Dataset records
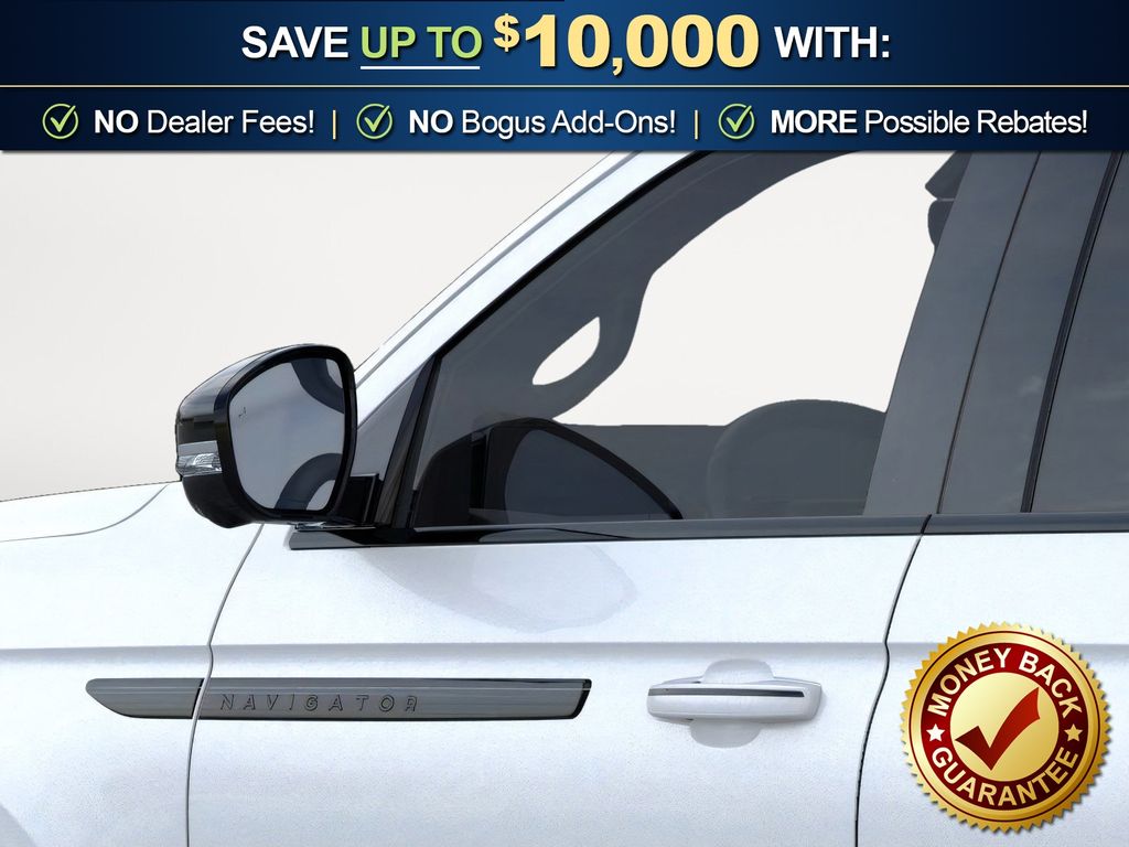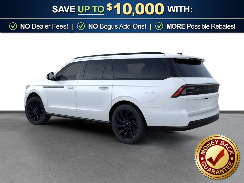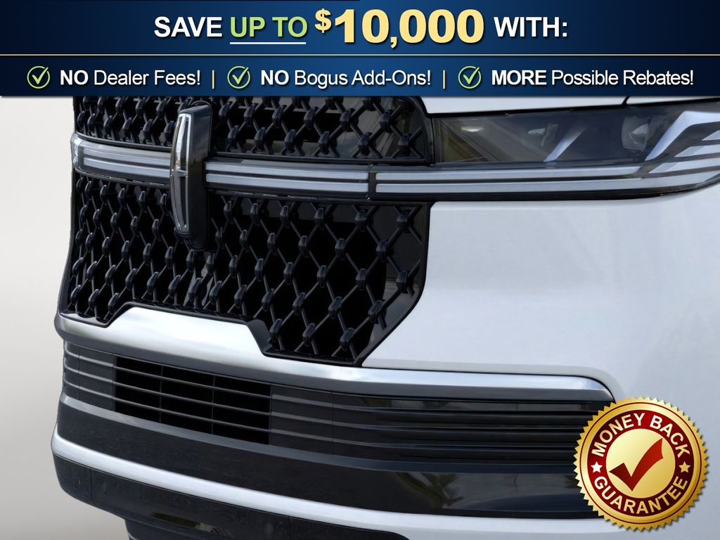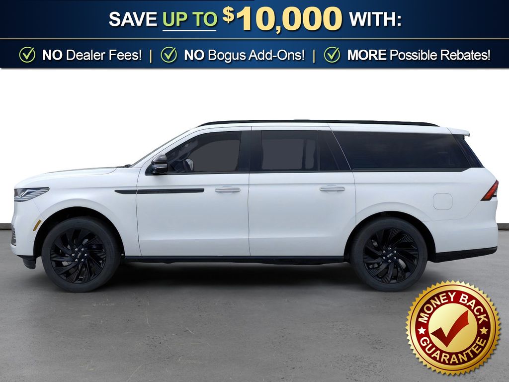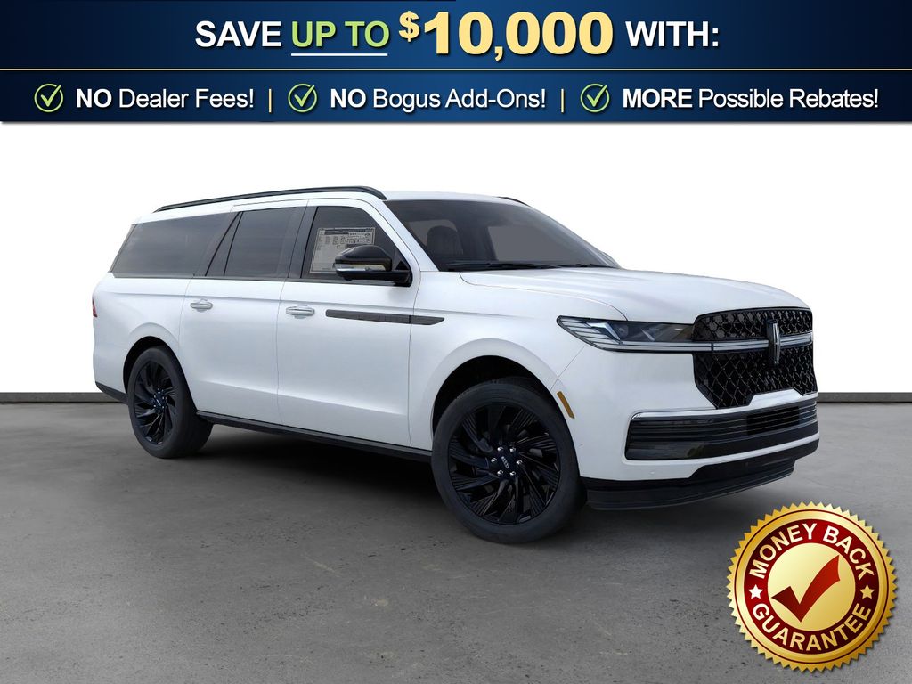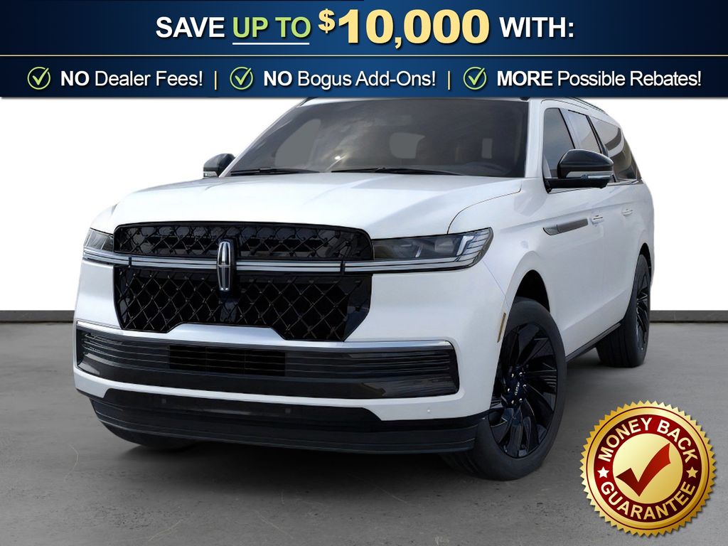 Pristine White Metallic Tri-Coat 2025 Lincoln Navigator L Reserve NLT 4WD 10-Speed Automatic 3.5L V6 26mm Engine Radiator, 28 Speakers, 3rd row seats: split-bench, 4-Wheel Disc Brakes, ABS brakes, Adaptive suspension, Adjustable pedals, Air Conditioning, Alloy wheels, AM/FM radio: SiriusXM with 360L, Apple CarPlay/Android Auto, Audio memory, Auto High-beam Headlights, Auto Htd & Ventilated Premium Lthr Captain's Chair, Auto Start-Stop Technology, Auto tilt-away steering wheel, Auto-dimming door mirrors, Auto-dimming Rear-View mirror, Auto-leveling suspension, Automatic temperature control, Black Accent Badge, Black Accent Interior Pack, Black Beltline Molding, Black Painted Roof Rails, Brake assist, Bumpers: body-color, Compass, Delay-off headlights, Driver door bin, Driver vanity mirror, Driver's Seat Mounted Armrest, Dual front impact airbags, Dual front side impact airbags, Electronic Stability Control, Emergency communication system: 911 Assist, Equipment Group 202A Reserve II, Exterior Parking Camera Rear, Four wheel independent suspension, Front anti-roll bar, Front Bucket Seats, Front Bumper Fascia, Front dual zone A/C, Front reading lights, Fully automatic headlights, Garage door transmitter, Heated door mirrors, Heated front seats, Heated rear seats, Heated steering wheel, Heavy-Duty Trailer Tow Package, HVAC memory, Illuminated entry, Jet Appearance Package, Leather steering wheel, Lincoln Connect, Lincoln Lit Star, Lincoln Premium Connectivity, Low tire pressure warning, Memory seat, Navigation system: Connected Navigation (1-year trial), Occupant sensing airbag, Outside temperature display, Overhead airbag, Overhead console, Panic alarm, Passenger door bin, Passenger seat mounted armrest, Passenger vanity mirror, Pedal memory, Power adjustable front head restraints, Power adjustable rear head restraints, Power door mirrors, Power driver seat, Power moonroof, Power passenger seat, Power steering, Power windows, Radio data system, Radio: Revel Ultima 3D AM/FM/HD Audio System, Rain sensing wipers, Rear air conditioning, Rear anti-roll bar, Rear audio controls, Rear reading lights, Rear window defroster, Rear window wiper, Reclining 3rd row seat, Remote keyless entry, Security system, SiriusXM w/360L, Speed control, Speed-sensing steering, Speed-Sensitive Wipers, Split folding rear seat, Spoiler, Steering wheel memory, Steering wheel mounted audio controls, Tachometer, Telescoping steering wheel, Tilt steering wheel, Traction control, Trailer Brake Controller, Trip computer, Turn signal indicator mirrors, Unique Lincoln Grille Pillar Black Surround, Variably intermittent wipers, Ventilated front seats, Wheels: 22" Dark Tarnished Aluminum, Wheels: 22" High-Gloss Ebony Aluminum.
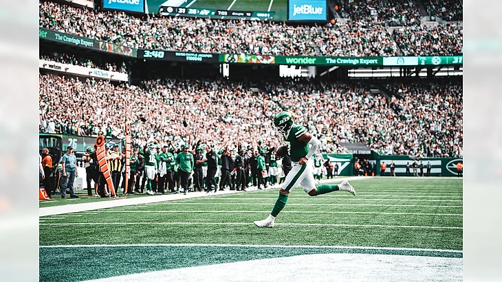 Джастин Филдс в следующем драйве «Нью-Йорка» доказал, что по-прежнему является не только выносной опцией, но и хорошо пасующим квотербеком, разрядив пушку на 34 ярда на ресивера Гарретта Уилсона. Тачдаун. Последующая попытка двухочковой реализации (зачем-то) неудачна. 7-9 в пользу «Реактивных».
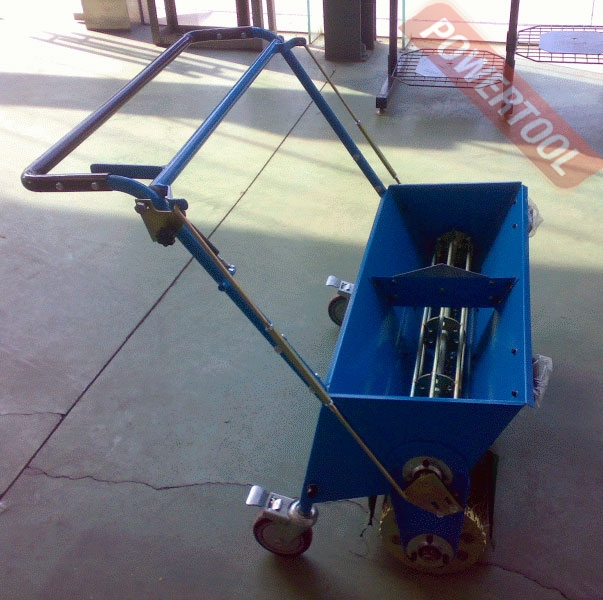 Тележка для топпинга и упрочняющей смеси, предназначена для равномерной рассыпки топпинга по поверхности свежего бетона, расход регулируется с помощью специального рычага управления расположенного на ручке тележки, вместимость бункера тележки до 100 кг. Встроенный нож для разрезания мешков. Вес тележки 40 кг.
--
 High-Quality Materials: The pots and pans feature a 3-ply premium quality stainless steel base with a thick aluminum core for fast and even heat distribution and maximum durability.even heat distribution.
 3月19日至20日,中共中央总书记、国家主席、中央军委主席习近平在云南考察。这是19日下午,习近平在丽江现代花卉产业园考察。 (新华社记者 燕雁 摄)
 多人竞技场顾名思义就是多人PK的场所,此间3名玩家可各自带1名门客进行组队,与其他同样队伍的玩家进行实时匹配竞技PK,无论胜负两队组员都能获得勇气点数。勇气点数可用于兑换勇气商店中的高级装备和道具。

Your goal
From the records above, print only the lines between the one holding "High-Quality Materials: The" and the one holding "多人竞技场顾名思义就是多人P", inclusive, exactly as they stand.

Written answer
 High-Quality Materials: The pots and pans feature a 3-ply premium quality stainless steel base with a thick aluminum core for fast and even heat distribution and maximum durability.even heat distribution.
 3月19日至20日,中共中央总书记、国家主席、中央军委主席习近平在云南考察。这是19日下午,习近平在丽江现代花卉产业园考察。 (新华社记者 燕雁 摄)
 多人竞技场顾名思义就是多人PK的场所,此间3名玩家可各自带1名门客进行组队,与其他同样队伍的玩家进行实时匹配竞技PK,无论胜负两队组员都能获得勇气点数。勇气点数可用于兑换勇气商店中的高级装备和道具。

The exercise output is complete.